Look through the data and write out every line with the word "亚运走十城" in it.

- [Given information]:
#####

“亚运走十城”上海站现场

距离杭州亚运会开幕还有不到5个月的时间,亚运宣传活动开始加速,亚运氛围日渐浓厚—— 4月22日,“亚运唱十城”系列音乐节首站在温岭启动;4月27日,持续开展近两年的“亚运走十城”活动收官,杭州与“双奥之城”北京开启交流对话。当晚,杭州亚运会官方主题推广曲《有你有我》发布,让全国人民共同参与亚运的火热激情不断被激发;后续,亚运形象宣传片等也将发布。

#####

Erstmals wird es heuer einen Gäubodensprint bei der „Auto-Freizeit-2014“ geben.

#####

- [Exercise output]:
“亚运走十城”上海站现场
距离杭州亚运会开幕还有不到5个月的时间,亚运宣传活动开始加速,亚运氛围日渐浓厚—— 4月22日,“亚运唱十城”系列音乐节首站在温岭启动;4月27日,持续开展近两年的“亚运走十城”活动收官,杭州与“双奥之城”北京开启交流对话。当晚,杭州亚运会官方主题推广曲《有你有我》发布,让全国人民共同参与亚运的火热激情不断被激发;后续,亚运形象宣传片等也将发布。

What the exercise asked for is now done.